The superstar herself.
It's all about respect. And I write this now because it looks as though the Margaret Fulton musical will go ahead, at Theatreworks in Acland Street, St Kilda. Director is Bryce Ives of Call Girl fame. Here are the dates (STC):
And thanks to Guy LeCouteur for this timely update on black bears and Scotland (click on the image below, and I don't mean Taylor Lautner. Scotland did have them, apparently, and I think I should have known that because I do remember seeing the drummers Highland bands wearing the fur off the poor bear's back. Of course, it might have been imported black bear fur, but I somehow doubt it. They were Scottish bands, after all.
BOOK NEWS:
Now, because I've stopped using Facebook to do my skiting, I'd better update you on my glamorous literary life so as to make other writers grass-green with envy. I've just had the new hardback version of Sister Madge translated into seventeen languages, including semaphore, and teen hearththrob Taylor Lautner has agreed to play the major role of Mango in the movie version of my book, The Shiny Guys.

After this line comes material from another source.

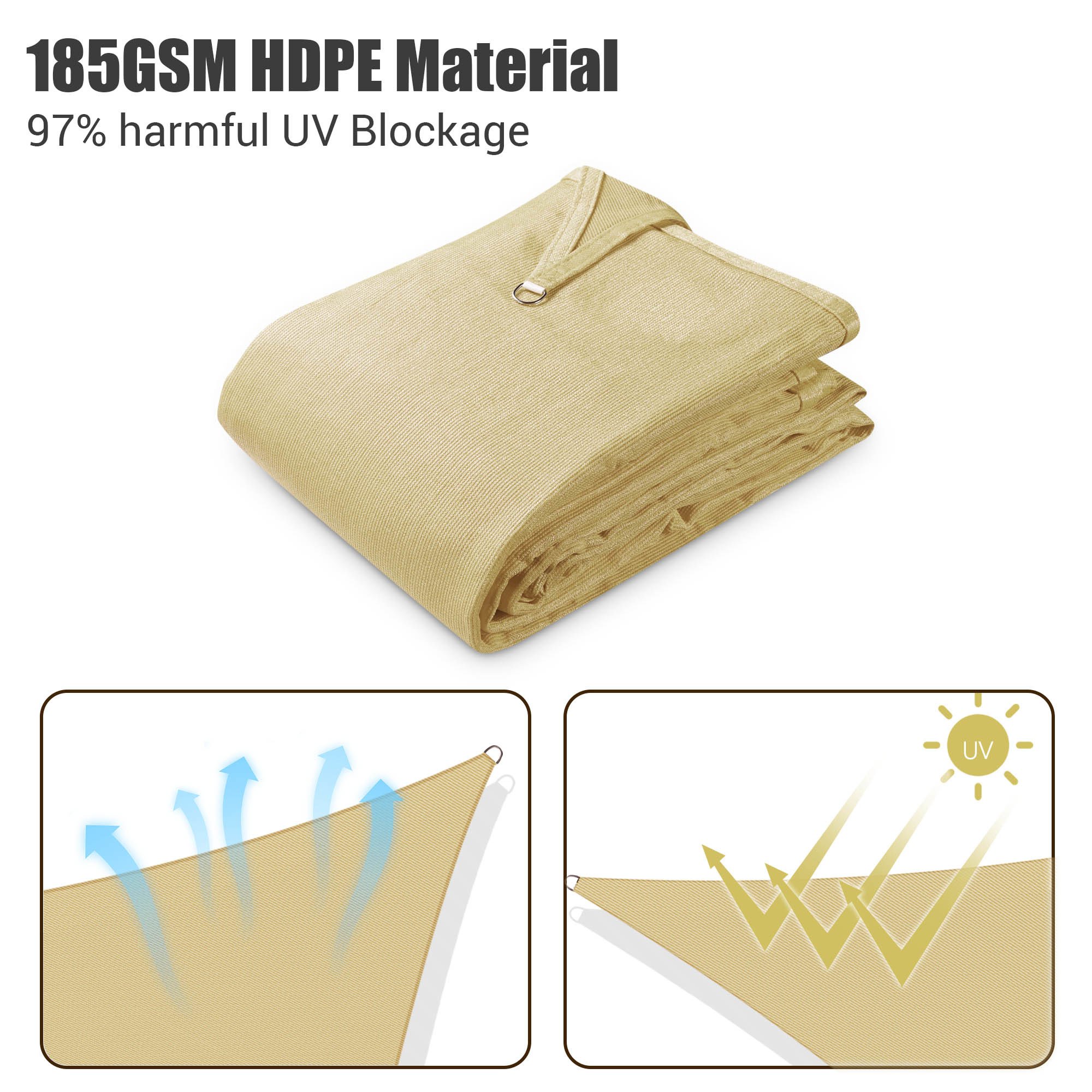 HDPE Reduces Heat Transfer - Made of 100% brand new 185GSM HDPE material to efficiently reduce the temperature under sail about 50°F (10°C); excellent breathability to allow breeze to pass through; offers a cool and airy shelter on hot days

I'm shortly going to be travelling with the CYL to Geelong, where I will beguile people with marvellous stories of my literary life, both in hospital and out. So far the reviews of my latest Penguin book 'The Shiny Guys' have been positive, but I'm not going to link to them because that would be just too pathetic. America took ten thousand copies of the book I did with Judy Horacek, The Night Before Mother's Day, I have made fifteen flourless orange cakes, and consumed many excellent sandwiches that I made myself, oh and I'll be at The Melbourne Writers Festival This Year for the first time ever! (Praise be to Mike Shuttleworth.)
Okay, this is a complete lie. There is no film planned for The Shiny Guys, I was just trying to make writer Michael Gerard Bauer as jealous as he makes me. And even if a film does happen, I doubt that Taylor Lautner will do it, especially as the character Mango spends a whole pivotal scene completely naked in front of a mirror. Ooh, hang on ... we may have another google-wacker here: Taylor Lautner naked.
I think that about covers it. Craig Smith has completed the illustrations for my kids' picture book, 'Heather Fell in the Water' which is coming out from Allen and Unwin just before Summer later this year. The pictures are, of course, quite beautiful.
And if you're in the mood, why don’t you come along to the launch of 'The Night Before Mother's Day' at Carlton Readings on 26April, starting at 6.30. The multi-talented Tracy Harvey will be doing the launch. Judy and I will both be there, signing autographs. It's my first professional public outing since the stroke. Come one, come all! See if I can make it through the night without falling over.